DIRECTIONS: From the line below that contains "A dark-skinned man" to the line that contains "MİT tırlarının durdurulmasına", repeat every line exactly, both ends included, and nothing else.

EXTRACTED MATERIAL:
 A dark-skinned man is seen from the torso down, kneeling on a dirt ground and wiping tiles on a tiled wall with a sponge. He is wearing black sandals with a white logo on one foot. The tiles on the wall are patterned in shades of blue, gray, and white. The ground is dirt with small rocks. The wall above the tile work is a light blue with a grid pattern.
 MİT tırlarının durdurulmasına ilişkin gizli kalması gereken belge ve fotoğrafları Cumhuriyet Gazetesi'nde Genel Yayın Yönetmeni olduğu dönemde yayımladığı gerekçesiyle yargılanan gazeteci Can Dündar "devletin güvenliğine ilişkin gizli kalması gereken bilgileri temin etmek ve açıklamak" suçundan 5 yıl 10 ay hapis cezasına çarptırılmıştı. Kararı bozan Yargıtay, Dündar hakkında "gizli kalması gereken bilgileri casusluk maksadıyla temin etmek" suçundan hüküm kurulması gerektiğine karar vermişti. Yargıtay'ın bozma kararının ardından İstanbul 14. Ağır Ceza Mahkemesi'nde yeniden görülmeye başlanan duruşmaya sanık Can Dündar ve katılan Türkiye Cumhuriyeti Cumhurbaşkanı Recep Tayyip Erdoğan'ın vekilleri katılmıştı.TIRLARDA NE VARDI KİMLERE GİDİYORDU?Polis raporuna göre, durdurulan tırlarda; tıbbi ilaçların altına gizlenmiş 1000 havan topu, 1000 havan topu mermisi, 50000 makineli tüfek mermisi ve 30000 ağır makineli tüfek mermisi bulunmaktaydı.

* * *

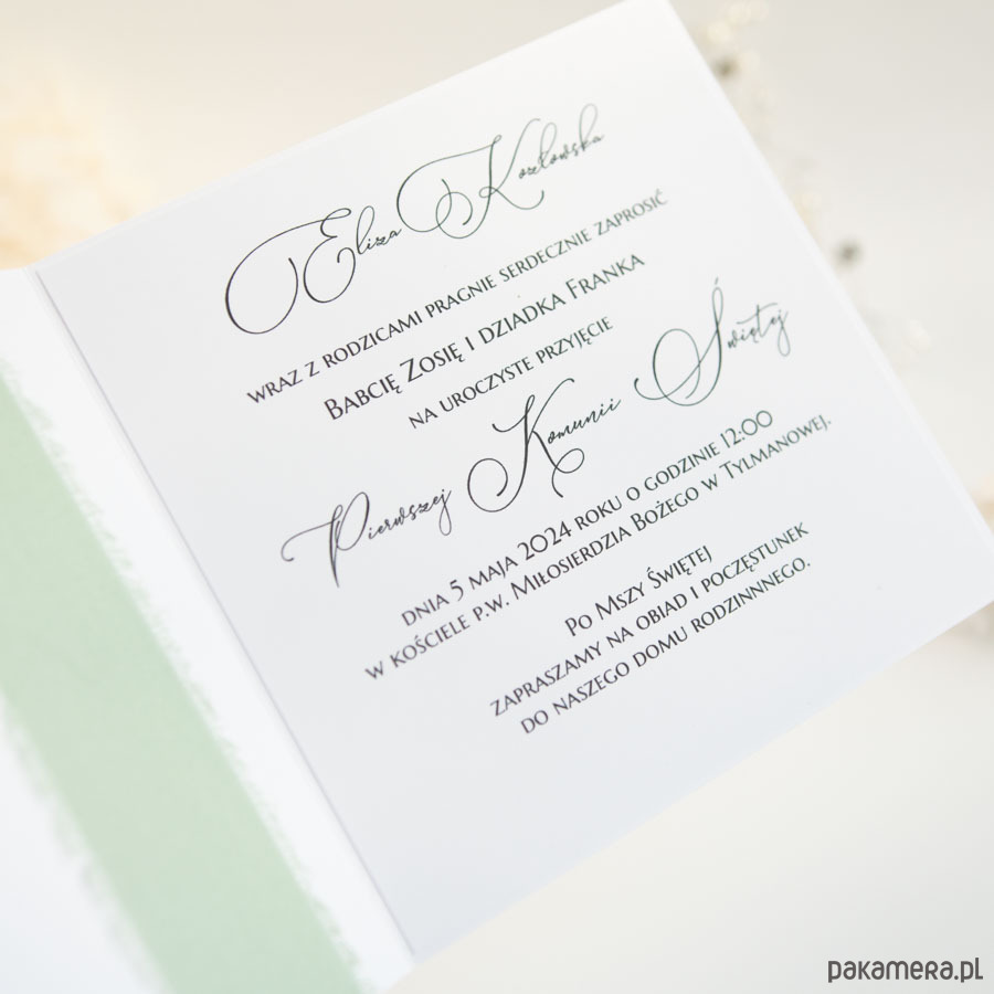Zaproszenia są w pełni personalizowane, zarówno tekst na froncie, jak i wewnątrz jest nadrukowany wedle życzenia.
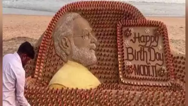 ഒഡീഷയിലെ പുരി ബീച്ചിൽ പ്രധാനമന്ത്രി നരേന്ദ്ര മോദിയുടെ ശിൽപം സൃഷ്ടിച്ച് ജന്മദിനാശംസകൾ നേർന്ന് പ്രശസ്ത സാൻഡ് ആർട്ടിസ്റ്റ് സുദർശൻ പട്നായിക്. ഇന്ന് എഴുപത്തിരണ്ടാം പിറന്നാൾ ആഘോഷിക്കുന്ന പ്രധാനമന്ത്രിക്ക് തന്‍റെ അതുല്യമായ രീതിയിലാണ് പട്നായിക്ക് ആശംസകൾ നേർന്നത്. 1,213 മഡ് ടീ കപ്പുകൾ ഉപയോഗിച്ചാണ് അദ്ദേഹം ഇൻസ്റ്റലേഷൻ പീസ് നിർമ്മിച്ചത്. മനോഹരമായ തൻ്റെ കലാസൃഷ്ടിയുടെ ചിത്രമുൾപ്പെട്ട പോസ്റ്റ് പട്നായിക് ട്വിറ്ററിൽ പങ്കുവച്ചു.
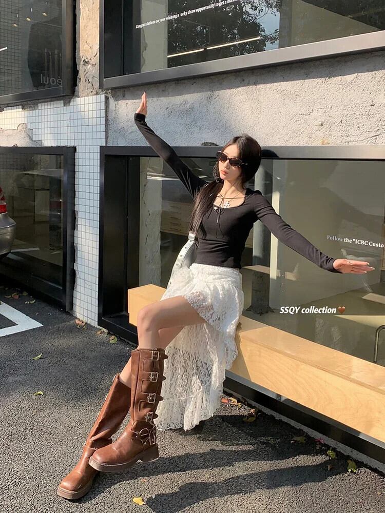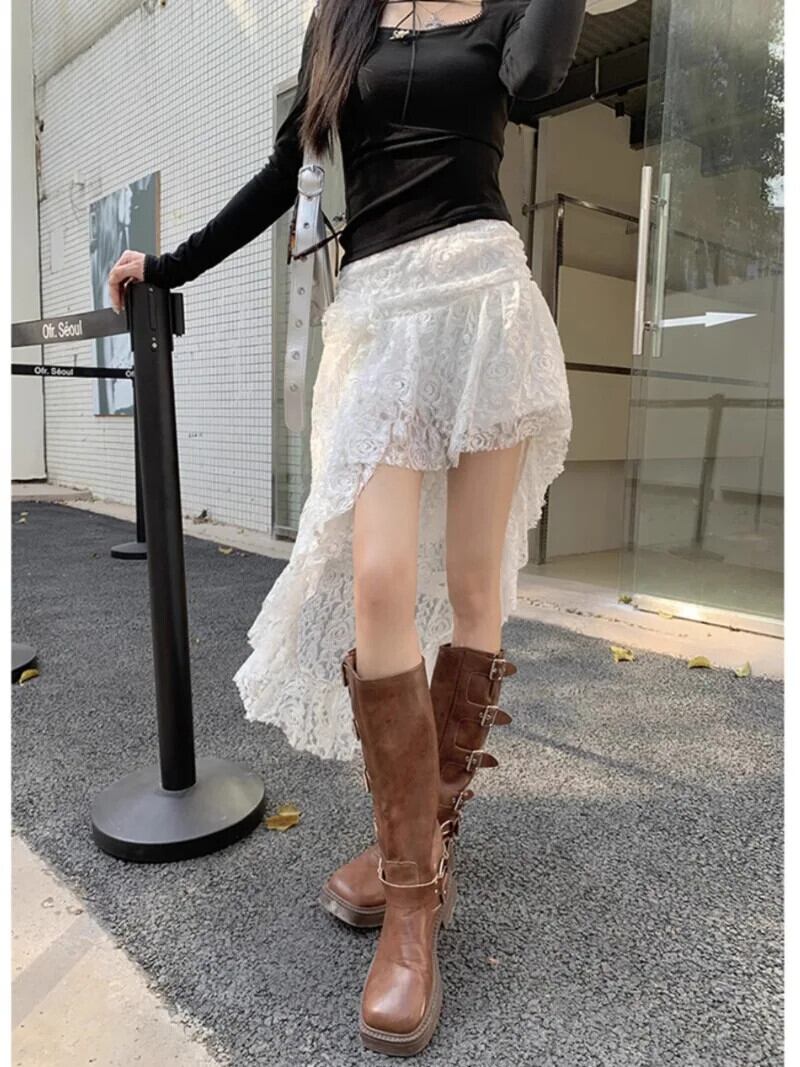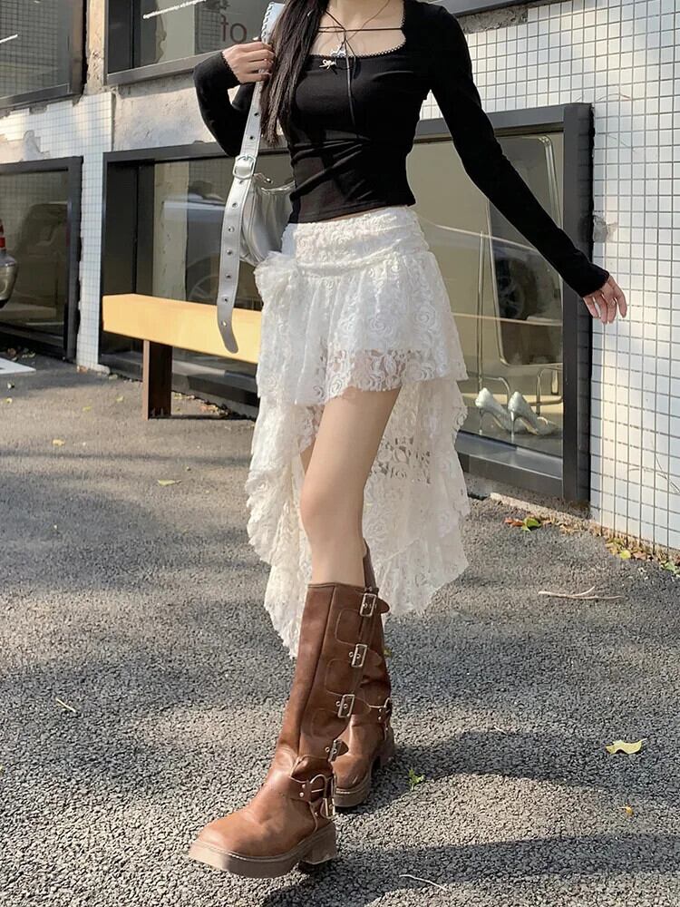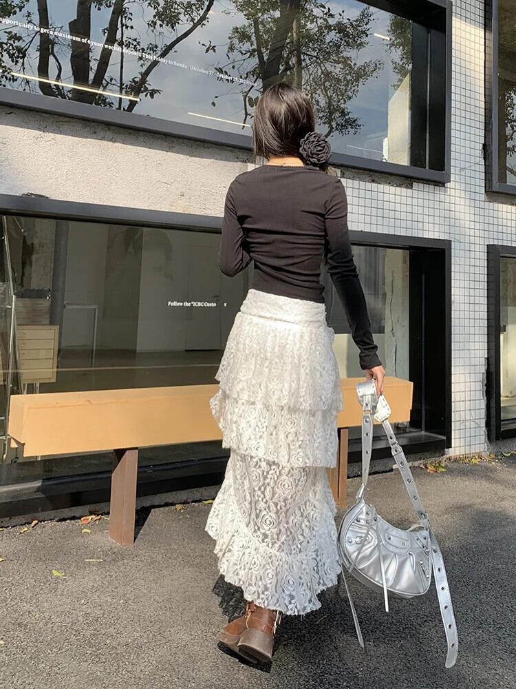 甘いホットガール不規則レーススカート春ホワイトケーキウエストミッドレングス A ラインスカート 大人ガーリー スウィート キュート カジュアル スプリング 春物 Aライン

RESPONSE BOX:
 A dark-skinned man is seen from the torso down, kneeling on a dirt ground and wiping tiles on a tiled wall with a sponge. He is wearing black sandals with a white logo on one foot. The tiles on the wall are patterned in shades of blue, gray, and white. The ground is dirt with small rocks. The wall above the tile work is a light blue with a grid pattern.
 MİT tırlarının durdurulmasına ilişkin gizli kalması gereken belge ve fotoğrafları Cumhuriyet Gazetesi'nde Genel Yayın Yönetmeni olduğu dönemde yayımladığı gerekçesiyle yargılanan gazeteci Can Dündar "devletin güvenliğine ilişkin gizli kalması gereken bilgileri temin etmek ve açıklamak" suçundan 5 yıl 10 ay hapis cezasına çarptırılmıştı. Kararı bozan Yargıtay, Dündar hakkında "gizli kalması gereken bilgileri casusluk maksadıyla temin etmek" suçundan hüküm kurulması gerektiğine karar vermişti. Yargıtay'ın bozma kararının ardından İstanbul 14. Ağır Ceza Mahkemesi'nde yeniden görülmeye başlanan duruşmaya sanık Can Dündar ve katılan Türkiye Cumhuriyeti Cumhurbaşkanı Recep Tayyip Erdoğan'ın vekilleri katılmıştı.TIRLARDA NE VARDI KİMLERE GİDİYORDU?Polis raporuna göre, durdurulan tırlarda; tıbbi ilaçların altına gizlenmiş 1000 havan topu, 1000 havan topu mermisi, 50000 makineli tüfek mermisi ve 30000 ağır makineli tüfek mermisi bulunmaktaydı.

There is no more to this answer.